Space-weather and disturbances in the heliosphere are manifestations of the solar magnetic field, which is solely driven by the interior dynamo, and constraining the solar interior magnetic field and its oscillatory behavior is one of the major challenges in solar physics. Observationally, none of the techniques, including helioseismology, are able to provide an estimation of the interior magnetic field. We reconstruct, for the first time, the dynamics of the interior large-scale magnetic fields by assimilating observed line-of-sight photospheric magnetogram data from MDI/SOHO & HMI/SDO along with helioseismic differential rotation data over three decades (1996-2025) into a 3D Babcock-Leighton dynamo model. The assimilation of observational magnetogram data allows us in realistic modelling of Babcock-Leighton mechanism as observed on the Sun without any simplified parameterization. As a result, our data-driven model successfully reproduces key observational features such as the surface butterfly diagram, accurate polar field evolution, and axial dipole moment. The reconstructed interior field dominated by toroidal component exhibits an equatorward migration and reproduces the realistic amplitude and modulation of cycles 23-25. We observe that the non-axisymmetric behaviour of the interior toroidal field becomes less prominent as we move deep towards the tachocline according to our model. A strong correlation between the simulated toroidal field and sunspot number establishes our 3D magnetogram-driven model as a robust predictive model of the solar cycle.

Paper Structure

This paper contains 11 sections, 15 equations, 10 figures, 1 table.

Figures (10)

  • Figure 1: (a) Assimilated $B_{r,reduced}$ in the STABLE model corresponding to the MDI magnetogram observed on December 30, 2010, after processing with the MagMAP package and applying the weight factor shown in (b). (c) Assimilated $B_{r,reduced}$ corresponding to the HMI magnetogram observed on January 1, 2011, processed similarly using MagMAP with the weight factor shown in the panel (d).
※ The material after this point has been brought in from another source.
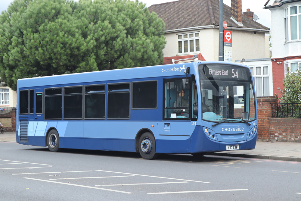 V77CSP started life as ENL43 in the Arriva London fleet and has gained a

  • Figure 2: Subsurface extrapolation of active regions inside the convection zone. Red and blue colors show the positive and negative polarities of active regions. Active regions are extrapolated deeper in the convection zone up to $0.98R_\odot$ based on their sizes. The bigger active regions go up to a maximum $0.98R_\odot$, but other active regions get extrapolated in between the surface and $0.98R_\odot$ based on their area. The solar surface is shown using the filled contour and extrapolation below the convection zone is shown vertically upward using streamlines till $0.98 R_\odot$.
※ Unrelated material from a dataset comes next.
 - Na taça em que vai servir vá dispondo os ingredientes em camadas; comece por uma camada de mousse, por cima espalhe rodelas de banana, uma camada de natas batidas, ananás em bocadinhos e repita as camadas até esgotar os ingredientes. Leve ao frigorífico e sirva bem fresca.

  • Figure 3: Schematic representation of the data assimilation procedure implemented in our model.
  • Figure 4: Time evolution of the unsigned radial magnetic flux from daily magnetic maps observed by MDI and HMI (gray), compared with simulations using assimilation cadences of 1 day (red), 2 days (green), 5 days (blue), and 10 days (brown).
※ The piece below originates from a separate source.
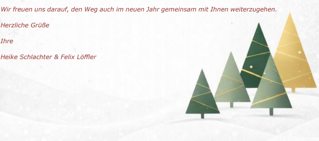 Wir wünschen Ihnen, Ihrem Team und Ihrer Familie entspannte Feiertage und einen guten Start in ein gesundes, erfolgreiches neues Jahr voller Zuversicht und starker Projekte.

  • Figure 5: Evolution of the longitude-averaged radial magnetic field at the Solar surface - commonly known as the butterfly diagram from (a) Observational data from 1996 to 2025, derived from MDI and HMI magnetograms, and (b) Simulated data from 1996 to 2025, obtained from our simulation. (c) Time evolution of the polar magnetic fields from our simulation (red) compared with observations from the Wilcox Solar Observatory (gray). Solid lines represent the northern polar field; dashed lines represent the southern polar field. (d) Same as (c) but for the axial dipole moment.